[Instructions to follow] The listing below begins with the first line you should copy; stop after the line containing "A escada flutuante", and drop every picture.

[Data provided]
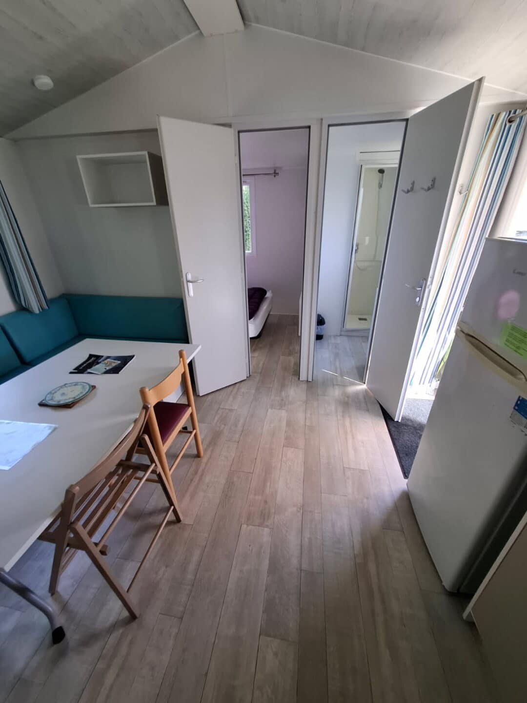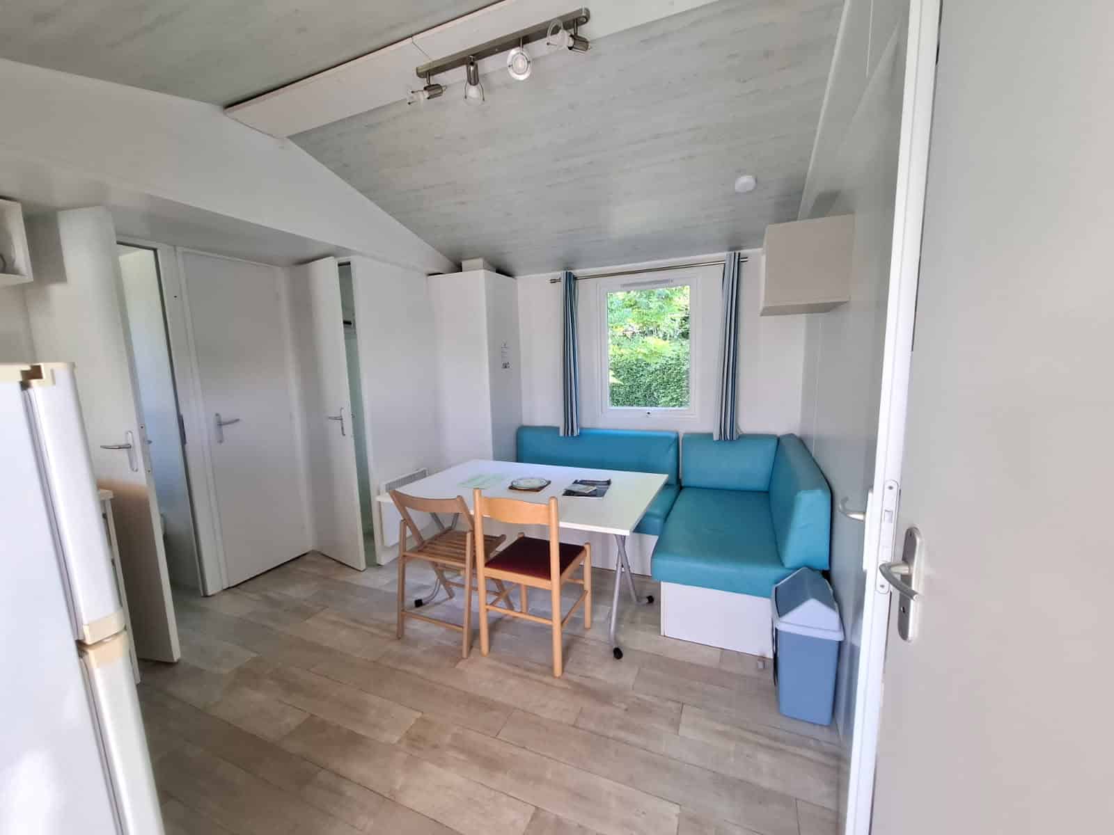 Le salon comprend un canapé, une table et des chaises. La salle d’eau offre une douche et un lavabo, avec des toilettes séparées.
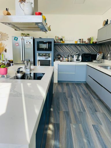 A escada flutuante conduz ao salão gourmet, verdadeiro coração da casa — com cozinha completa, espaço de jantar, sala de TV e aberturas amplas em vidro e alumínio, que conectam interior e exterior de forma fluida e elegante.
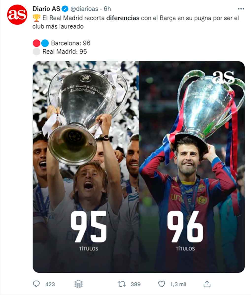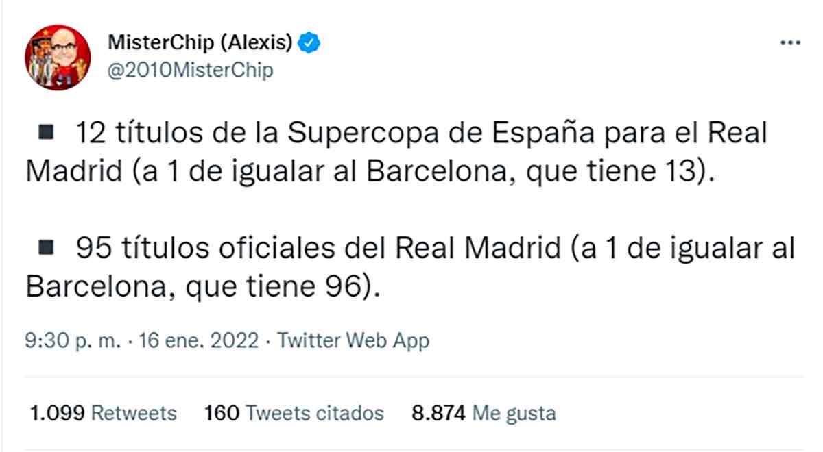 - Mister Chip, quien no tardó ni una hora en publicar que el Madrid seguía estando por detrás del Fútbol Club Barcelona en títulos totales y en Supercopas de España. La noticia no era el título, sino que el Barça es más.
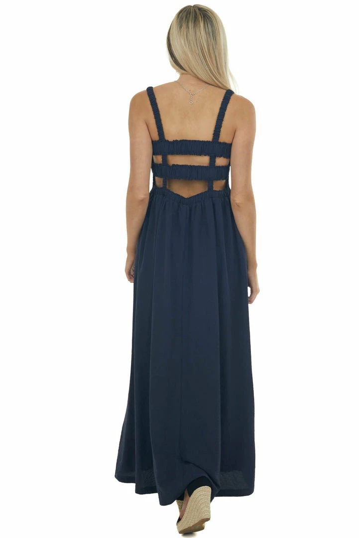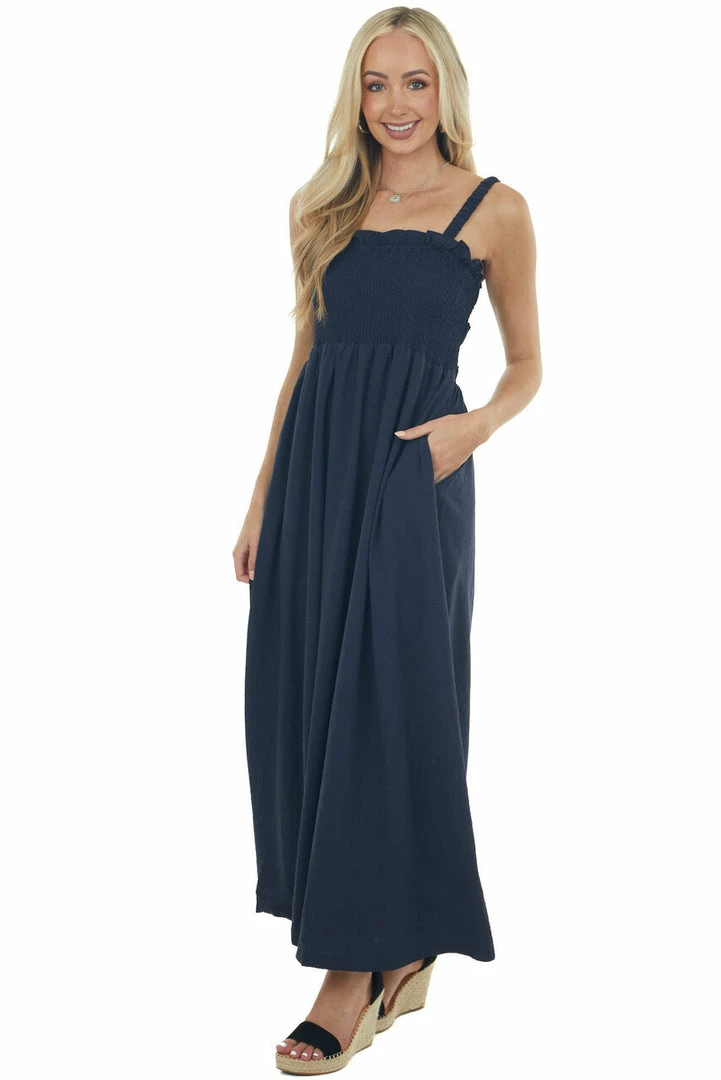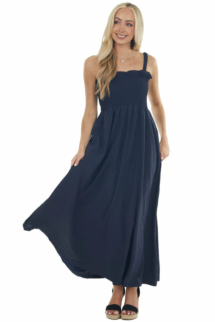 - Navy Blue Sleeveless Smocked Ruffle Maxi Dress

[Exercise result]
 Le salon comprend un canapé, une table et des chaises. La salle d’eau offre une douche et un lavabo, avec des toilettes séparées.
 A escada flutuante conduz ao salão gourmet, verdadeiro coração da casa — com cozinha completa, espaço de jantar, sala de TV e aberturas amplas em vidro e alumínio, que conectam interior e exterior de forma fluida e elegante.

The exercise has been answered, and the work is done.